The Army even spent a lot of bucks trying to cut vibration in HMMVs with piezo-activator motor mounts for example. Took kilowatts of power to help even a little bit.

The trouble is, the ear is logarithmic in response. To be half as loud, you have to be at 1/10th of noise power. Cancellation is quite delicate if you need tens of times that, and you do. You can actually hear an eardrum motion the size of the width of a hydrogen atom if its quiet enough, yet live through 125 db (close to a metal-rock band) or 140 (jet engine on the tarmac) or 160db - guns or jet engines up close. While talking is 60-70db right next to you - loud enough.

Every 10 db (which is a half or doubling of perceived sound energy) is 10x power...cancellation is tricky stuff - you have to be very accurate to reduce noise 40 db - which isn't enough for most cases (that's 1% accurate in power and phase at every frequency, cumulative error total).

But in general, noise issues are, yes, a big deal, and a source of a lot of skull sweat when planning anything decent sized like a factory, or a scientific lab where vibration from say, a vacuum pump totally destroys say, an electron microscope's resolution.
 
Ha thought you woulda done some thinking on the noise thing Fusor.

What about a micro hearing aid type of device that does it in your ear ?

Be better than those ear plugs for sleeping with snoring companions (-:
 
I was in a sound-proof recording studio once that was also full of sound-absorption materials on the inside.
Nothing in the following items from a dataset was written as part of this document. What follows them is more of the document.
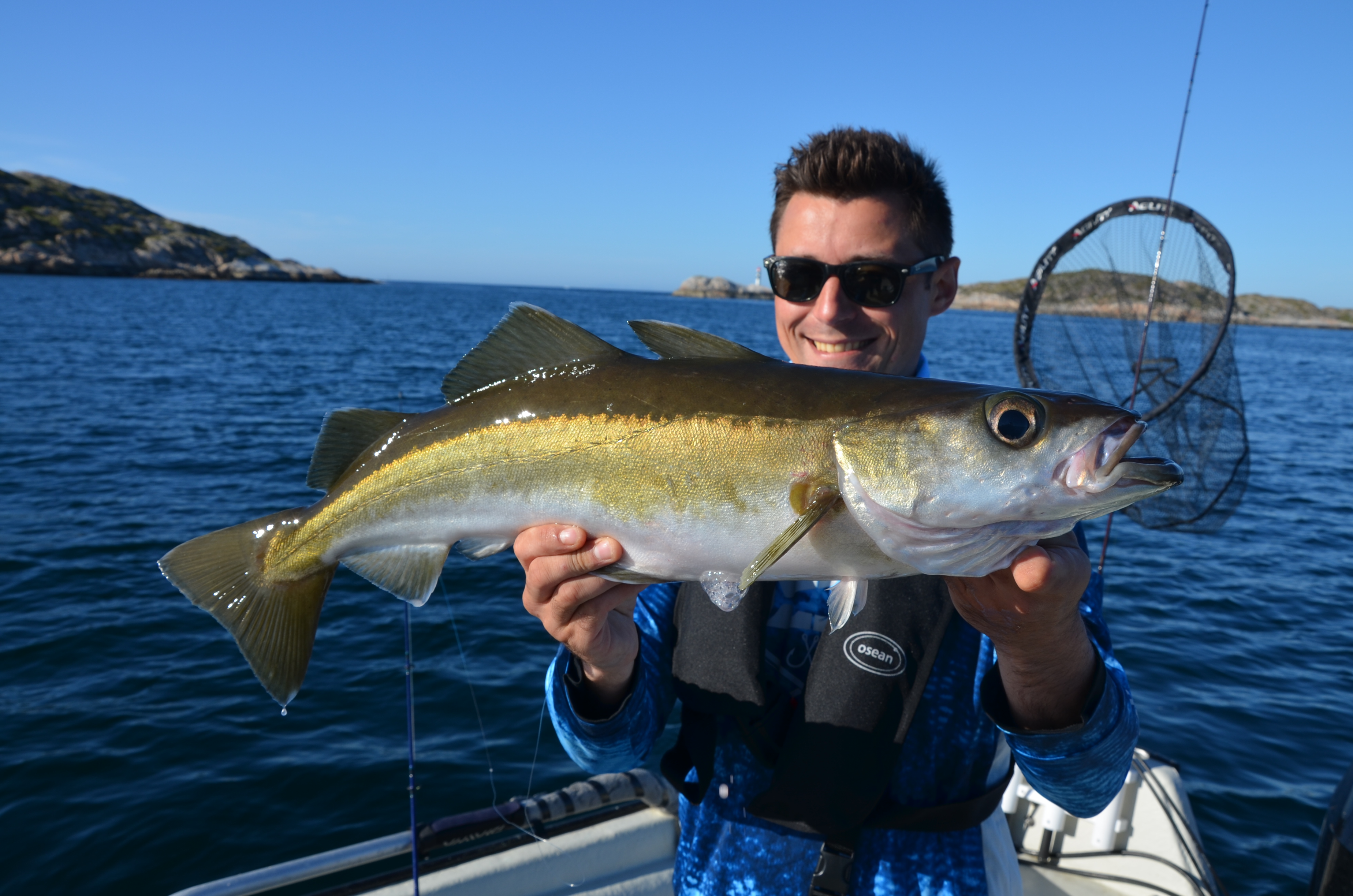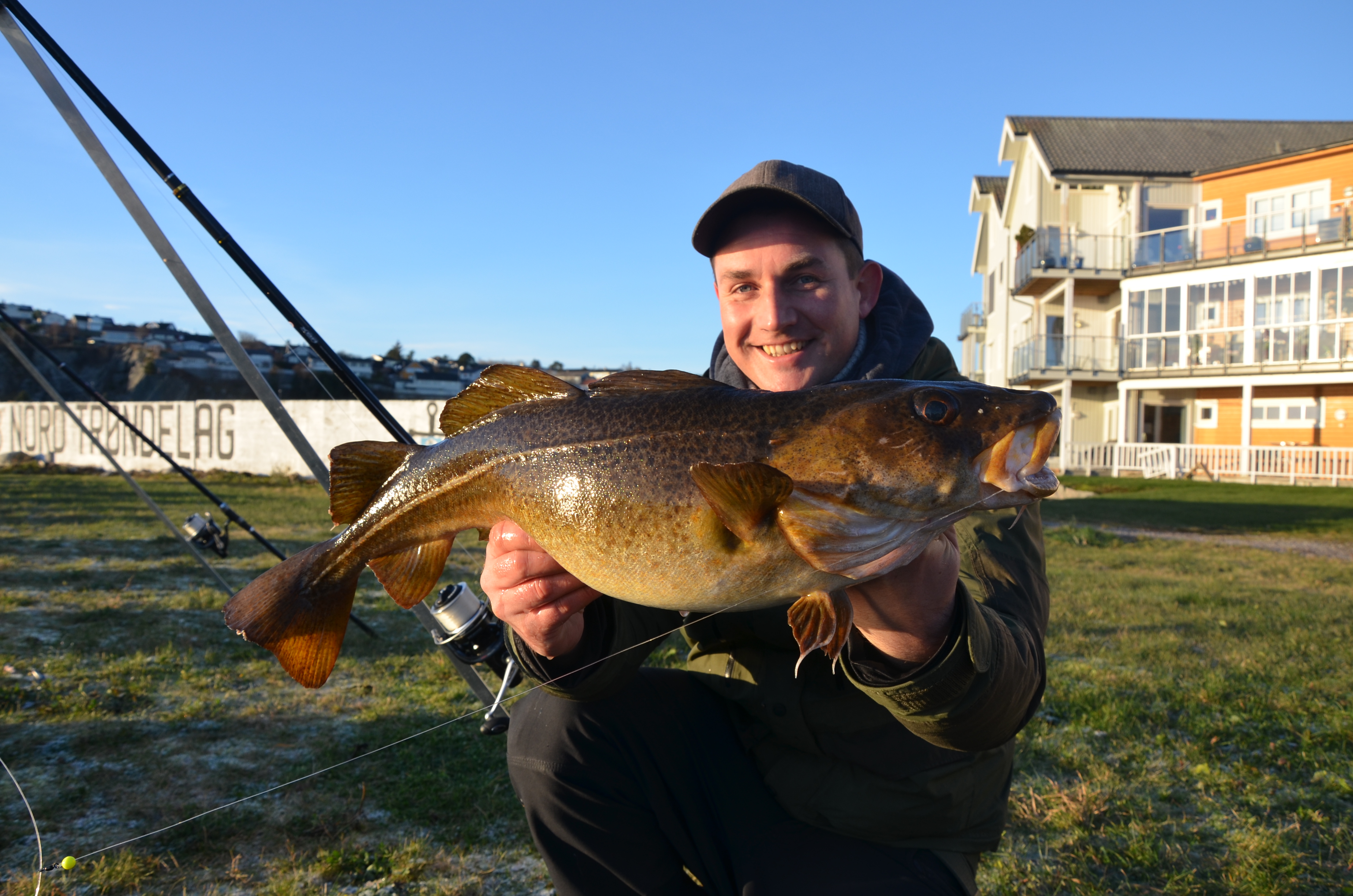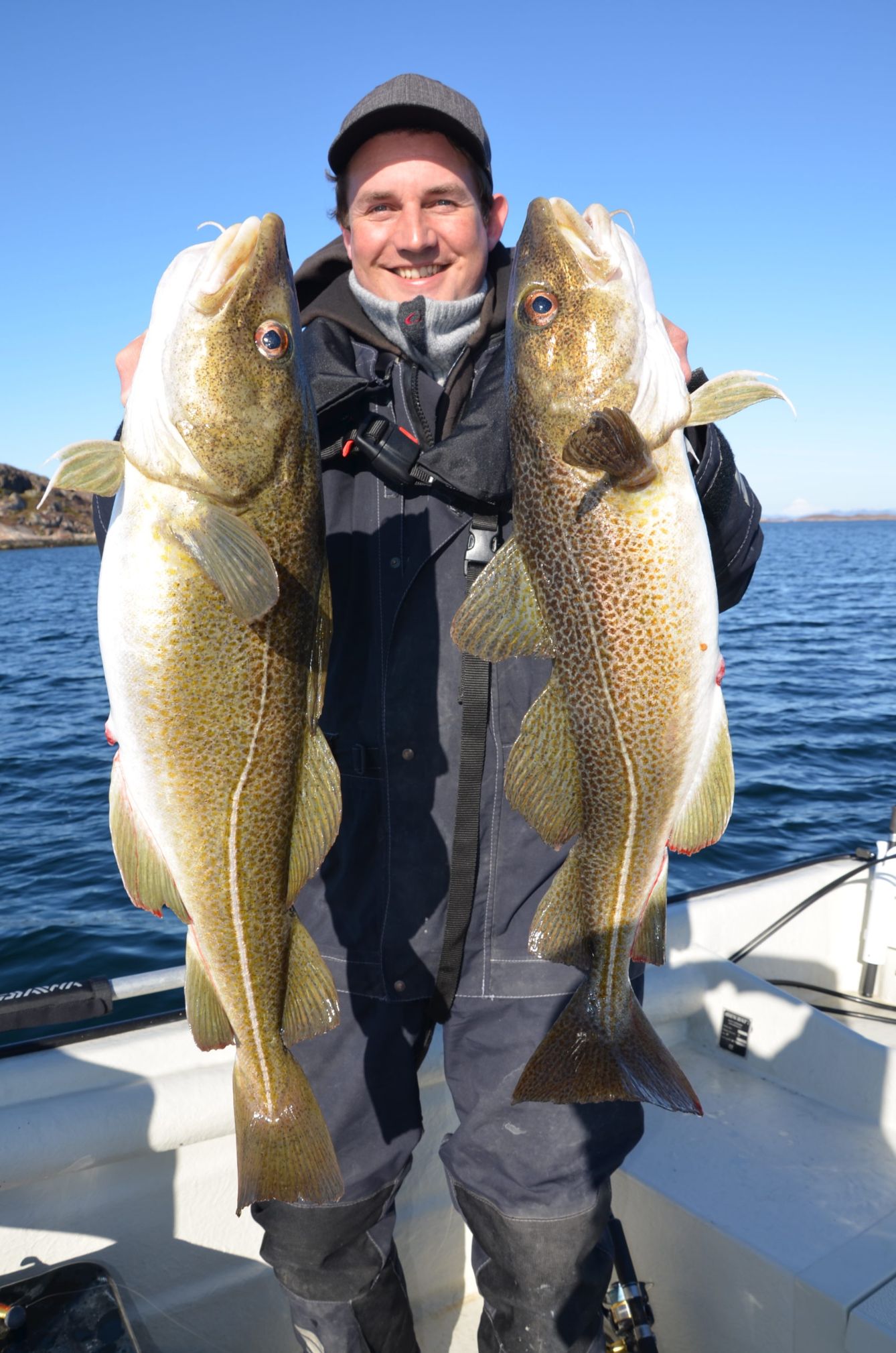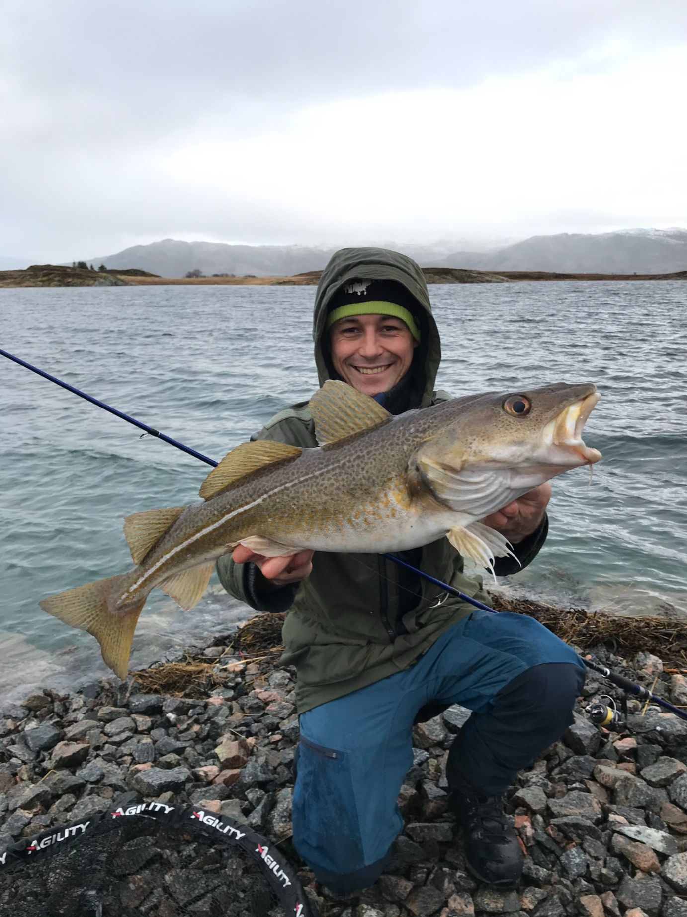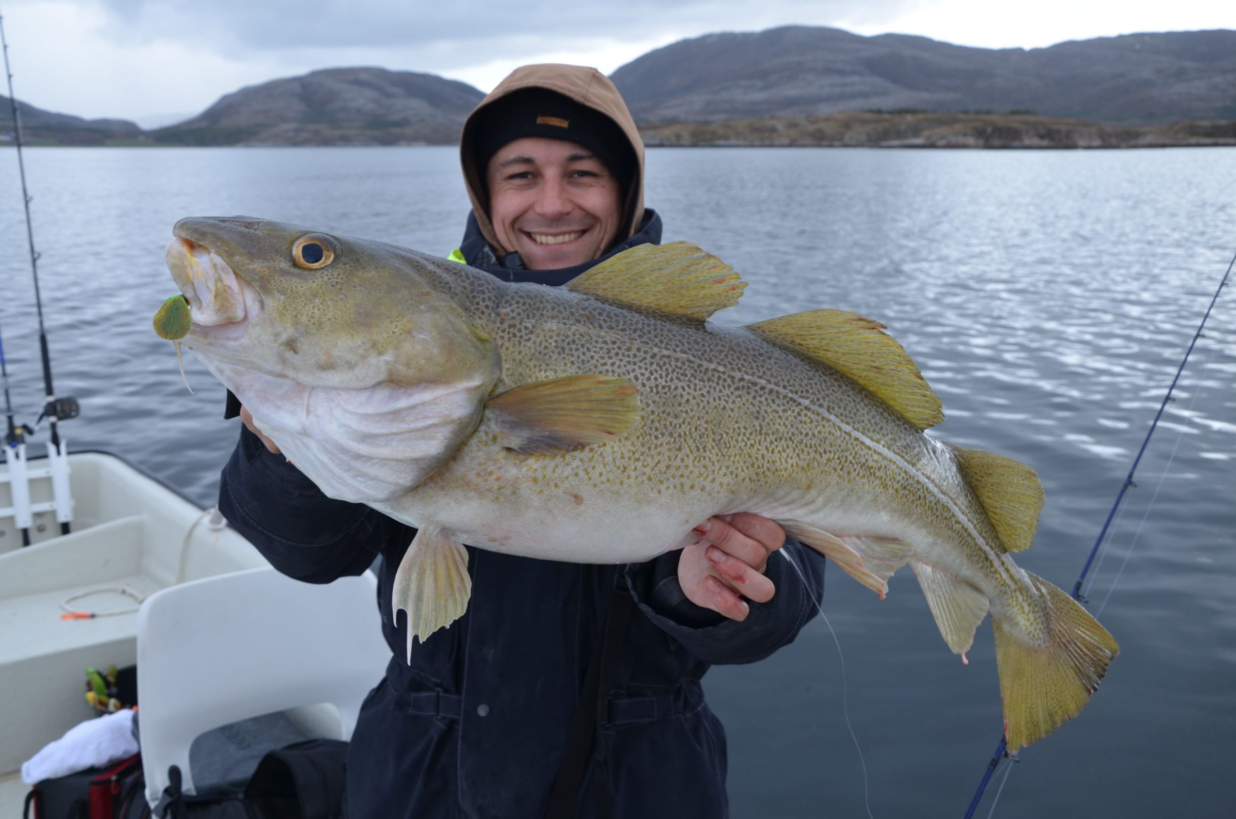 The shore fishing is almost undiscovered in this area, but in a few short sessions we had we were able to catch some very good fish, including a halibut of 60 + lbs! In early February many cod are migrating closer to the shore and into Nærøysundet. Sometimes even Skrei cod (big spawning cod) find their way into these waters. Very interesting times for the shore angler as the good fishing lasts till the end of May. September-November are very good months as well for any kind of species. We provide tripods, seatboxes, baitboxes, landing nets, gaffs, frozen baits etc. Just send us an E-Mail and ask us for a quote, if you are interested in trying the shore fishing here.
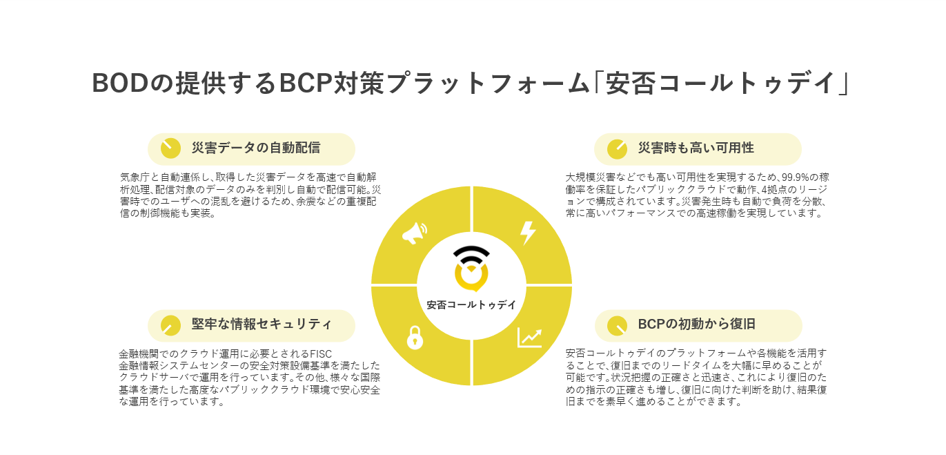 「安否コールトゥデイ」は、地震、津波、その他災害発生時などの際の従業員の安否確認をはじめ、企業のBCPの初動から復旧までを支援するBCP対策プラットフォームです。災害時での安否確認ツールとして利用の他、掲示板やアンケートの配信機能なども搭載、日常からコミュニケーションツールとしてご利用頂くことで、有事の際スムーズに活用できるよう訓練することも可能です。
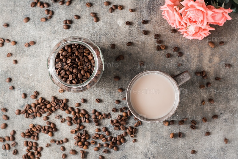 Латте в керамической чашке, банка с кофейными зернами и розами на столе. Вид сверху

It was so quiet, I could hear my own blood pumping through my ears. I kid you not.
 
There is, but it doesn't work that well for a lot of important cases. Your anti-noise has to have exactly the same spectra AND PHASE at the place you want it to cancel out. Which will basically only be in one tiny spot (for high frequencies) unless either the anti-noise is co-located (within a fraction of an inch for high frequencies) with the noise source, or right at the ear, with the noise to be canceled being measured very close by (noise canceling headphones). It works for headphones (kinda) only because you can measure close by, but still not hear your own anti-noise, so you get a clean signal to cancel - it's the isolation from inside to outside the earphone cup that provides that in this case.

I bought noise-canceling headphones for our last trip to the US. They're not perfect, but definitely worth the money. They worked a lot better than I thought they would.